I'm now using version 3.1.0 and the problem also exists there. There seems to be a difference when running the server process on Windows or Solaris. When the server disappears on Solaris the client is not locked, while when the same happens with a server process on Windows the client remains locked.
I am not sure what the fix should be here, since something goes wrong here with the server. I assume that this can be fixed easily by restarting the client?
It is difficult to reproduce. I don't know the code, but there may be a synchronized section too many in the client stub. Restarting the client is indeed a workaround.
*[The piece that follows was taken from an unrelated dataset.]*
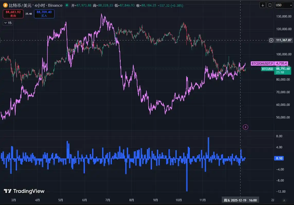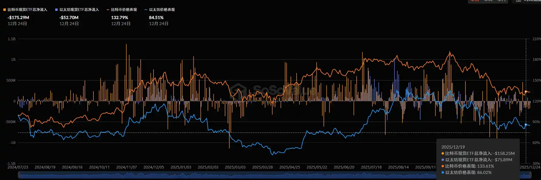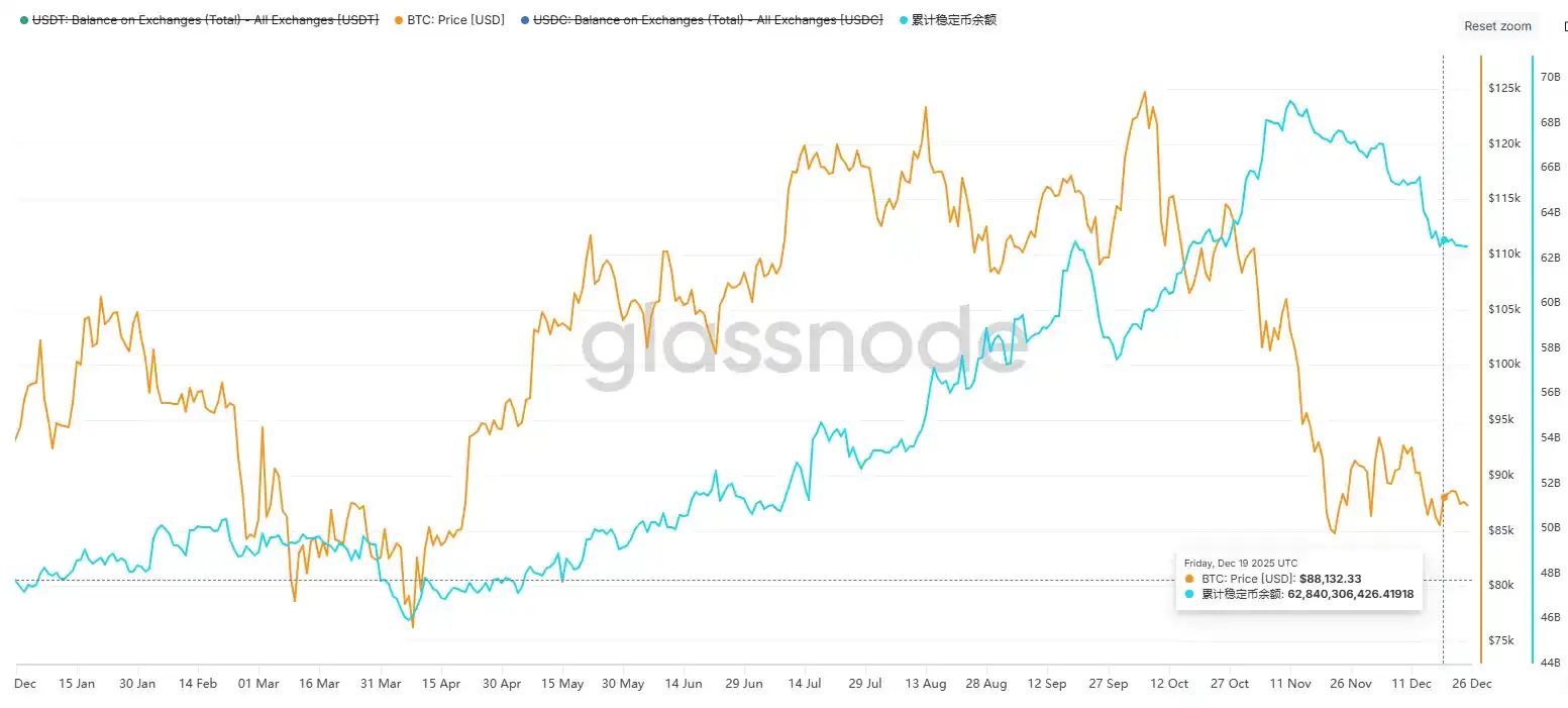 This week (12/20-12/26), the weekly issuance of stablecoins was -$326 million, indicating continued outflow of funds, but the scale of outflow has significantly narrowed. Compared to last week's negative issuance of -$824 million, the average daily negative issuance this week decreased from -$117.7 million to -$46.5 million, representing a 60% increase in overall fund flow. The broader market was mainly volatile this week without sustained declines, which aligns with the trend of reduced stablecoin outflows.

I've run into this as well, and our load tester seems to be able to reproduce it fairly easily. Will update more details on that once I have them. For my code we're using the 'client' inside of a server process. This makes restarting the client a bit less desirable. It seems to happen when attempting to open a new connection or an instance of OpenOffice that has locked up or is otherwise in a bad state. It seems to just sit on a wait hoping to be notified by another thread. It just never happens. I've updated a copy of writeRequest to look like this: // @see IProtocol#writeRequest public boolean writeRequest( String oid, TypeDescription type, String function, ThreadId tid, Object[] arguments) throws IOException { if (oid.equals(PROPERTIES_OID)) { throw new IllegalArgumentException("illegal OID " + oid); } synchronized (monitor) { while (!initialized && state != STATE_TERMINATED) { try { monitor.wait(); } catch (InterruptedException e) { Thread.currentThread().interrupt(); throw new RuntimeException(e.toString()); } } if (state == STATE_TERMINATED) { throw new DisposedException(); } return writeRequest(false, oid, type, function, tid, arguments); } } Adding in the state != TERMINATED. This appears to have fixed the problem so far, but I think it still needs a timeout on the monitor.wait() call so it doesn't sit there indefinitely waiting. When I detect a stuck instance my code kills the OpenOffice Instance, and also calls close on the bridge object associated with this. That code flips the state to STATE_TERMINATED and notifies on monitor. I'm not sure if that will work for all users, so a timeout would probably be needed here as well.